Опустившись в кресло, стоявшее перед столом — стоившее почти столько же, сколько монитор, — в которое мы оба влюбились из-за его ретростиля, как влюбились в непомерные размеры того, что стояло перед ним, я пошевелила мышкой, чтобы разбудить компьютер. Черная бездна, простиравшаяся на несколько футов в обе стороны, заполнилась красочными пикселями.
Оказалось, что я смотрю на нечто розовое, и это меня ошеломило. Тень складки здесь, кончик пятна там… Постепенно в фокусе появились ноготь и ресница. А потом — чепец и кролик. Это было фото Джека, сделанное вскоре после его рождения — и смерти, — то самое, что Ник удалил с моего телефона. Сейчас оно занимало весь громадный экран.
Я всегда смеялась над способностью Лайлы пугаться уже после того, как сама причина испуга давно исчезла. Она вздрагивала через несколько мгновений после громкого звука или после того, как кто-то входил в комнату — все это вызывало у меня смех. Но сейчас я переживала ту же отсрочку, пока мое сознание пыталось оценить образ, появившийся передо мной.
Поняв, я вскочила с кресла, как будто оно обожгло мне ноги, и издала крик, напоминавший одновременно и стон недоверия, и вопль ужаса.
Это фото давно исчезло, Ник его удалил.
Я с трудом дышала, пытаясь найти логическое объяснение его присутствию на экране, — и не находила. Ник был единственным человеком, пользовавшимся этим компьютером, и единственным человеком, входившим в эту комнату за последнее время.
Кроме Мэгги…
Мэгги одна находилась в нашем доме всю вторую половину дня, а наверх поднялась якобы только передав мне Лайлу вечером. Как раз после того, как я получила сообщение от Винни.

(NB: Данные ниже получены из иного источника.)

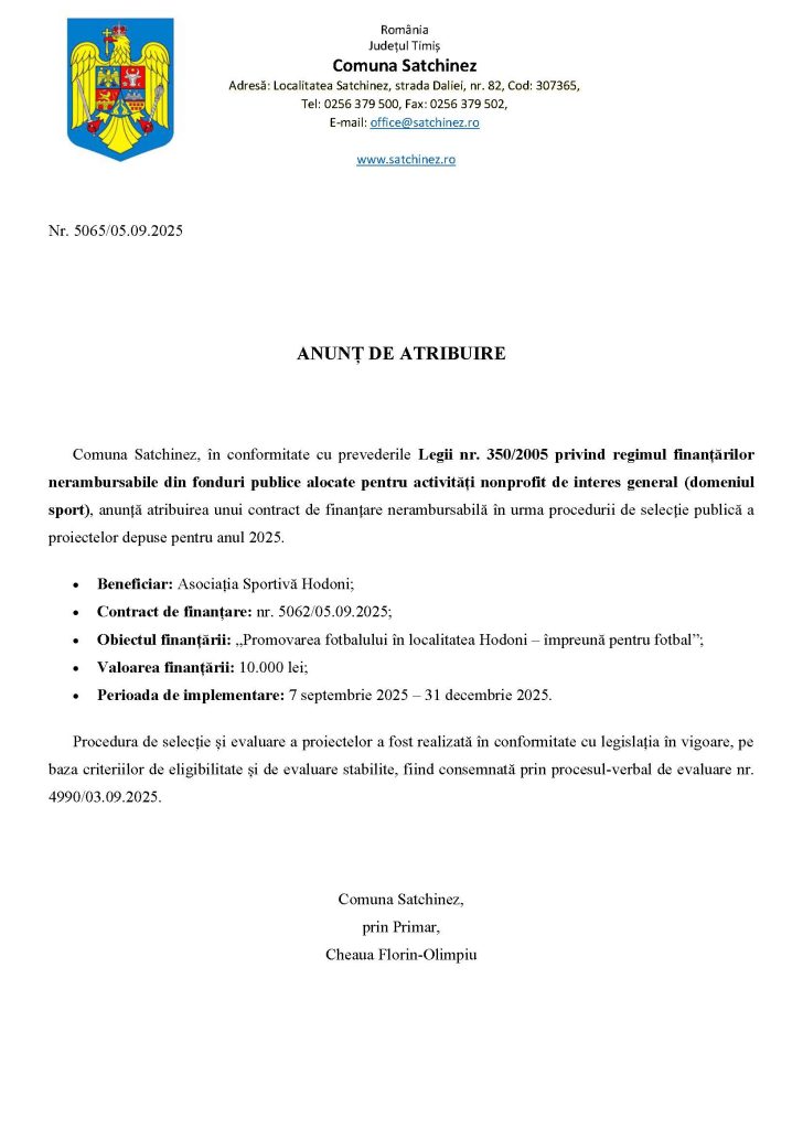 Anunț atribuire contract finanțare nerambursabilă sport 2025

Теперь я стала вспоминать, что же происходило перед тем, как я получила фото от Винни. Мэгги явно провела наверху больше времени, чем это было необходимо. И я не обратила внимания на то, в какие комнаты она заходила. А ведь дверь в свободную комнату находилась как раз рядом с дверью в ванную…
Значит, это сделала Мэгги. Та самая Мэгги, что лишила меня работы, друзей и привычного образа жизни, а теперь, по-видимому, пытается лишить и рассудка.

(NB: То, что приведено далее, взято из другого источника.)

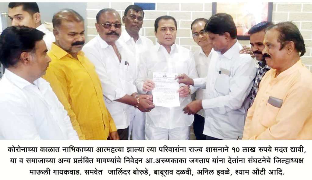 अहमदनगर (दि २८ जानेवारी २०२१) – कोरोना काळात ज्या नाभिक सलून व्यवसायिकांच्या आत्महत्या झाल्या, त्यांच्या परिवाराला राज्य शासनाने 10 लाख रुपये मदत द्यावी, यासह बारा बलुतेदार आर्थिक महामंडळाची स्थापना करुन 500 कोटींचा निधी मिळावा,समाजाचा अनुसूचित जातीत समावेश करावा आदि 7 मागण्या राज्य सरकारने मंजूर कराव्यात या मागणीचे निवेदन महाराष्ट्र नाभिक महामंडळाचे प्रांत उपाध्यक्ष व बारा बलुतेदार महासंघाचे नगर जिल्हाध्यक्ष ज्ञानेश्वर उर्फ माऊली गायकवाड यांनी आ. अरुण जगताप यांना दिले.श्री. गायकवाड यांच्या समवेत सर्वश्री राजेंद्र पडोळे, अनिल इवळे, शाम औटी, बाबूराव दळवी, जलिंदर बोरुडे, सिताराम शिंदे, स्वप्नील नांदूरकर, मनोज खोडे, नंदकुमार आहिरे, संदिप वाघमारे, बबन कुसाळकर, मल्हारी गिते, संदिप घुले, जतीकार शेलार, संजय सैंदर, गोरख ताकपेरे, राहुल महामुने, प्रमोद गुरव, बापू इंगळे, संजय औटी यांच्यसह बारा बलुतेदार महिला शाखेच्या जिल्हाध्यक्षा सौ. मनिषा गुरव आदि उपस्थित होते. या निवेदनातील प्रलंबित मागण्याबाबत आपण आमदार या नात्याने सभागृहात प्रश्न उपस्थित करुन पाठपुरावा करावा व मुख्यमंत्री उद्धव ठाकरे यांच्याकडे शिफारस करावी, अशी अपेक्षा या निवेदनाद्वारे करण्यात आली आहे. राज्यातील सर्वच आमदारांना संघटनेच्यावतीने पदाधिकार्यांनी त्या-त्या ठिकाणी निवेदन दिले आहेत. निवेदनातील प्रलंबित मागण्या – बारा बलुतेदारांच्या विकासासाठी आर्थिक विकास महामंडळ स्थापन करण्यात यावे, त्यास दरवर्षी पाचशे कोटींचा निधी उपलब्ध करुन द्यावा. कोरोना काळात आत्महत्याग्रस्त नाभिक समाज बांधवांस दहा लाख रुपये आर्थिक मदत द्यावी. 26 मार्च 1979 च्या महाराष्ट्र सरकारने केंद्र सरकारला पाठविलेल्या पत्राप्रमाणे नाभिक समाजाचा अनुसूचित जातीत समावेश करण्यासाठी राज्य सरकारने केंद्राकडे शिफारस करावी. प्रतापगडावर शुरवीर जिवबा महाले यांचे राष्ट्रीय स्मारक उभारावे व त्यासाठी निधीची तरतुद उपलब्ध करुन द्यावी. स्वातंत्र्य लढ्यातील झुंजार क्रांतीवीर विरभाई कोतवाल यांच्या नावाने बारा बलुतेदारसाठी सबलीकरण योजना राबवावी. रोहिणी आयोगाची अंलबजावणी करावी आणि नाभिक समाजाच्या सलून कारागिरास दरमहा रुपये 15 हजार निवृत्ती वेतन लागू करावी या आहेत. या प्रश्नांचा पाठपुरावा करु, असे आश्वासन आ. अरुण जगताप यांनी शिष्टमंडळाला दिले. शिष्टमंडळाने आ. संग्राम जगताप यांनाही निवेदनाची प्रत दिली आहे. त्यांनाही या निवेदनाची दखल घेऊन मुख्यमंत्र्यांकडे शिफारस करु, असे आश्वासन दिले.

Это она разместила здесь фото, чтобы я на него наткнулась. Но зачем?
Винни. Винни в кафе позировала с моей дочерью — с моей очаровательной, розовощекой, здоровой деткой. Винни попросила Мэгги сделать это.
Часть II
Винни Кло
1
Мир без детей — это мир без будущего.
Что ж, я изо всех сил пыталась забыть прошлое — и к чему пришла?

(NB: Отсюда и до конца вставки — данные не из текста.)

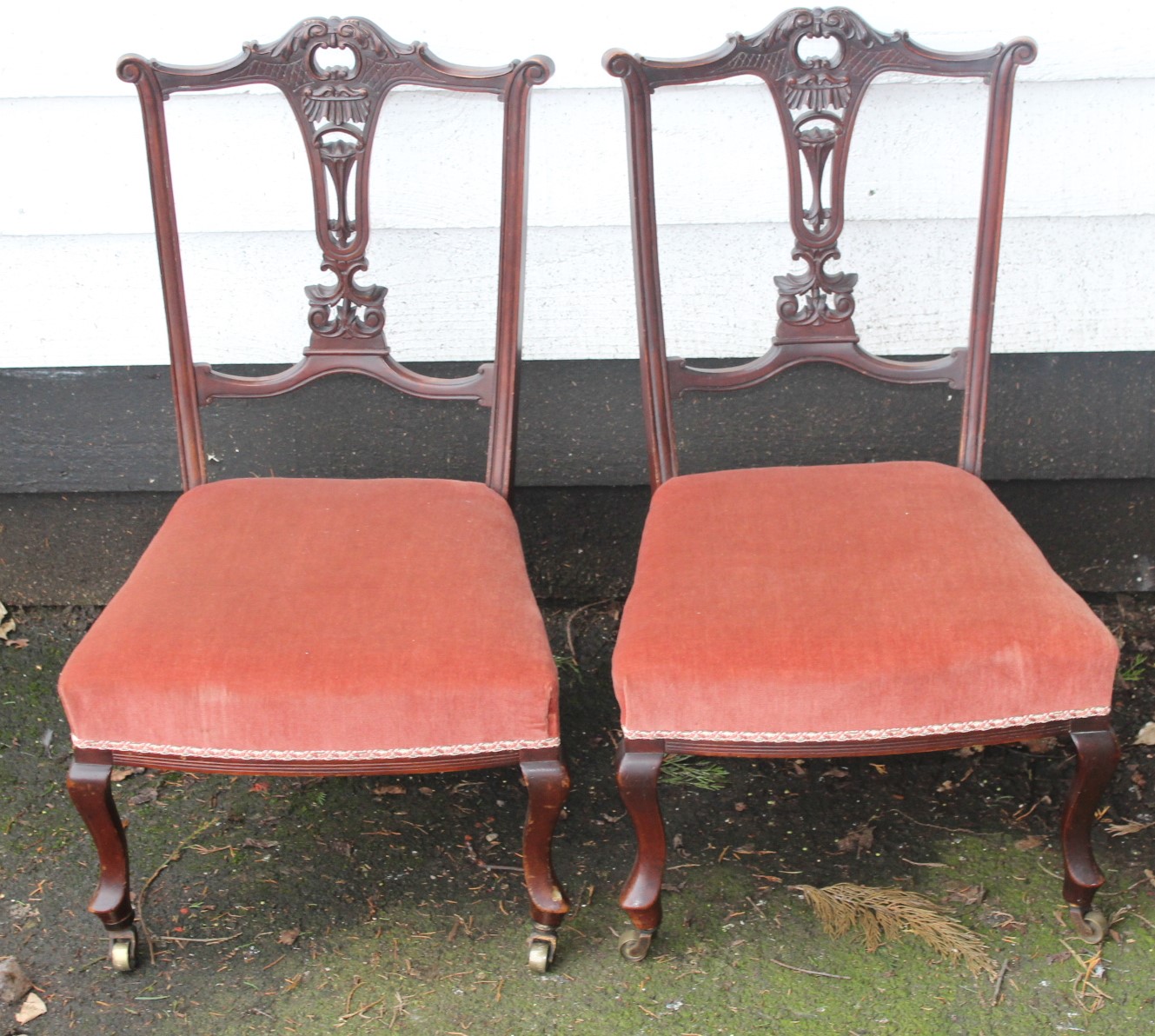 1930s Pair of Low Mahogany Nursing Chairs Pink Upholstery

Эти мысли звучали в моей голове в такт шагам, которыми я мерила улицы, пытаясь забыть. Нет, не забыть — я никогда не позволила бы образу сына поблекнуть в моей памяти, и в то же время чувствовала, как какие-то мелкие детали уже исчезают во мгле времени.
Его запах — карамель и ржавчина — постепенно исчезает, его как будто уносит легкий ветерок. Звуки — не-громкое посапывание, которое слышалось до того, как звуки стали более резкими, — становятся тише с течением дней, проходящих без него. А вот робкое ощущение полноты жизни, которое мы с Чарльзом испытывали, держа его на руках, — оно никуда не уходит. Но меня беспокоит, что глубочайшая пустота, давящая как гнет на мои руки, тоже никуда не денется.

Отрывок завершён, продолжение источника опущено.